The line containing "Intérieur du col, patte" marks the start of the required copy, which runs to the final line of the entries; return those lines exactly, without any pictures.

[Start of section]

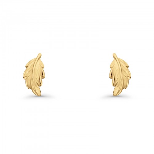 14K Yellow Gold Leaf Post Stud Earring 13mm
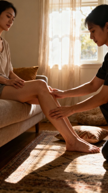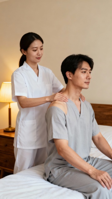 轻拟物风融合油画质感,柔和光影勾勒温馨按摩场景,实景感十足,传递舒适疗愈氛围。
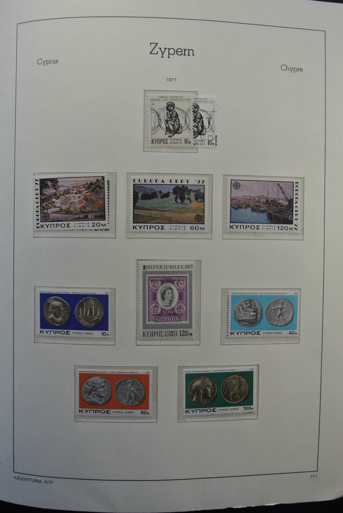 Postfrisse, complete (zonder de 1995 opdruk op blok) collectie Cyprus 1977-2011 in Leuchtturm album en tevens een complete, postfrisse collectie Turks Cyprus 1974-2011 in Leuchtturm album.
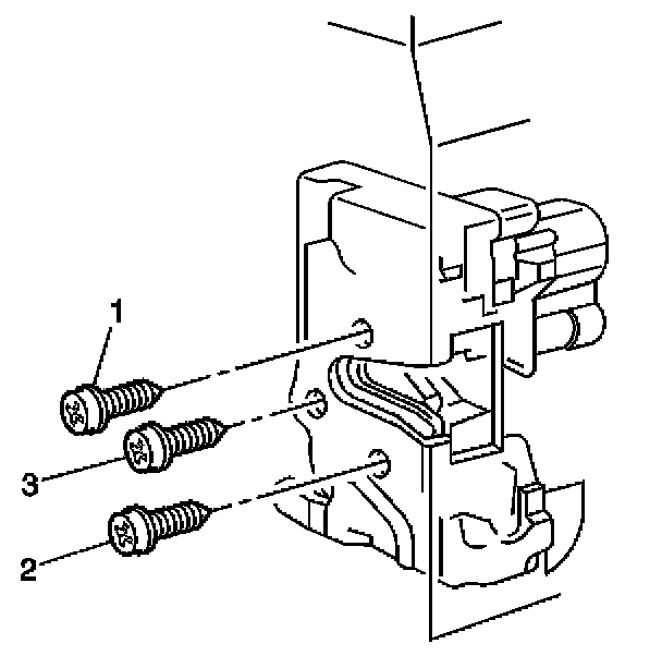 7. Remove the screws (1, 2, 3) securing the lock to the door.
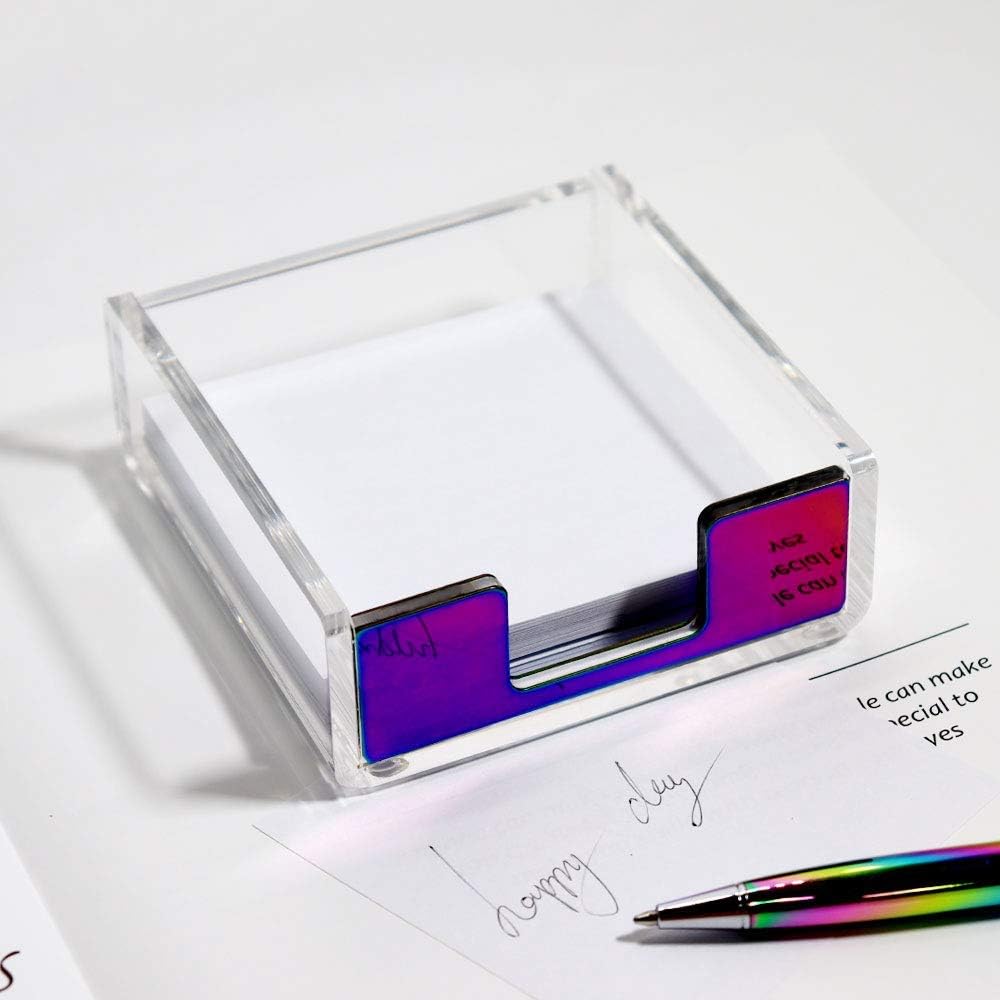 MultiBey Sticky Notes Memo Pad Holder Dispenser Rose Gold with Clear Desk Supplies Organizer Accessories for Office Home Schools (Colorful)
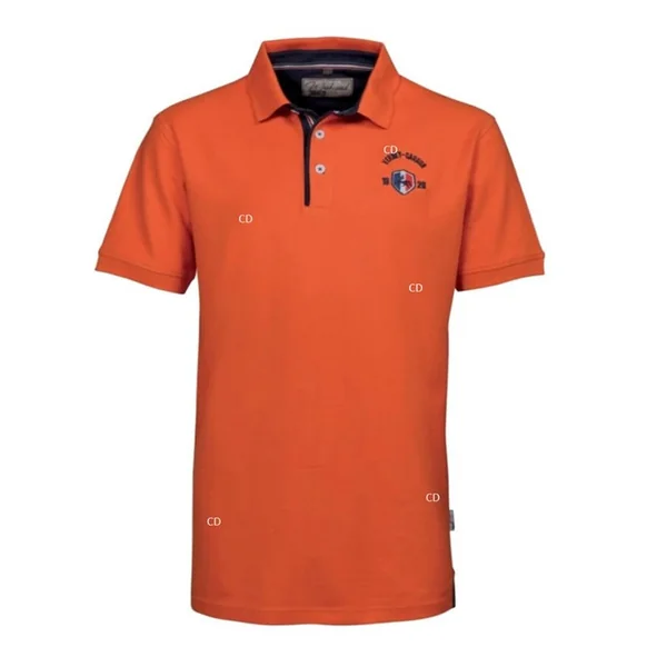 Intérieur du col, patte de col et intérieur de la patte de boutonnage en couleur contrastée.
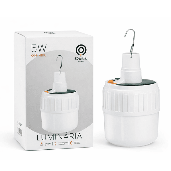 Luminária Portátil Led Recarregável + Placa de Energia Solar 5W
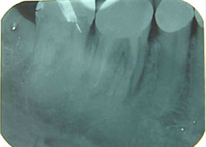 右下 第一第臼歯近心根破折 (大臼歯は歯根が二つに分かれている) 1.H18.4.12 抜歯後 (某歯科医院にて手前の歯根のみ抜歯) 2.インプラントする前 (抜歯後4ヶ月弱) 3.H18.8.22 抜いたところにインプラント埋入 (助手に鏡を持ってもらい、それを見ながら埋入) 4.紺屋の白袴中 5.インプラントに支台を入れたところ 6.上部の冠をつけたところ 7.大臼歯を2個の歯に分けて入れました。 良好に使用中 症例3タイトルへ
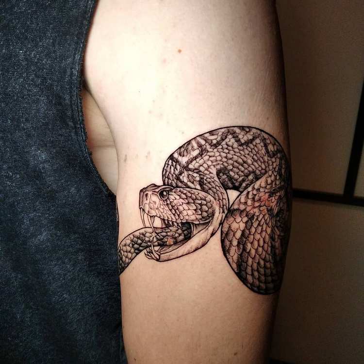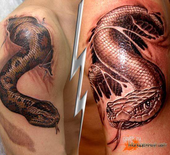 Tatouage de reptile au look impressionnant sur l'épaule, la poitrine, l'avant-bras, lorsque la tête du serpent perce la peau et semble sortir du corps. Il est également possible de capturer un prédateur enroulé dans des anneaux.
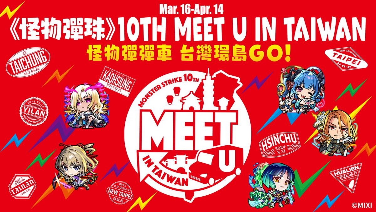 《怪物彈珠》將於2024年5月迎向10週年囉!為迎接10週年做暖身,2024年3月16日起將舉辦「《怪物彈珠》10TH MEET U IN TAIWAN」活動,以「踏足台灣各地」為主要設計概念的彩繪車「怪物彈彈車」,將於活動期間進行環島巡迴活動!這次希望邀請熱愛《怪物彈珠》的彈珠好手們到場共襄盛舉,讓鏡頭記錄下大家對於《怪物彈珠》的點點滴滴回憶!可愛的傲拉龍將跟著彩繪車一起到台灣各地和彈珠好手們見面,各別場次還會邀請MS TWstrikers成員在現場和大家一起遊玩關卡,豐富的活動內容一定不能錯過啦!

[End of section]

— EXERCISE ANSWER —
 Intérieur du col, patte de col et intérieur de la patte de boutonnage en couleur contrastée.
 Luminária Portátil Led Recarregável + Placa de Energia Solar 5W
 右下 第一第臼歯近心根破折 (大臼歯は歯根が二つに分かれている) 1.H18.4.12 抜歯後 (某歯科医院にて手前の歯根のみ抜歯) 2.インプラントする前 (抜歯後4ヶ月弱) 3.H18.8.22 抜いたところにインプラント埋入 (助手に鏡を持ってもらい、それを見ながら埋入) 4.紺屋の白袴中 5.インプラントに支台を入れたところ 6.上部の冠をつけたところ 7.大臼歯を2個の歯に分けて入れました。 良好に使用中 症例3タイトルへ
 Tatouage de reptile au look impressionnant sur l'épaule, la poitrine, l'avant-bras, lorsque la tête du serpent perce la peau et semble sortir du corps. Il est également possible de capturer un prédateur enroulé dans des anneaux.
 《怪物彈珠》將於2024年5月迎向10週年囉!為迎接10週年做暖身,2024年3月16日起將舉辦「《怪物彈珠》10TH MEET U IN TAIWAN」活動,以「踏足台灣各地」為主要設計概念的彩繪車「怪物彈彈車」,將於活動期間進行環島巡迴活動!這次希望邀請熱愛《怪物彈珠》的彈珠好手們到場共襄盛舉,讓鏡頭記錄下大家對於《怪物彈珠》的點點滴滴回憶!可愛的傲拉龍將跟著彩繪車一起到台灣各地和彈珠好手們見面,各別場次還會邀請MS TWstrikers成員在現場和大家一起遊玩關卡,豐富的活動內容一定不能錯過啦!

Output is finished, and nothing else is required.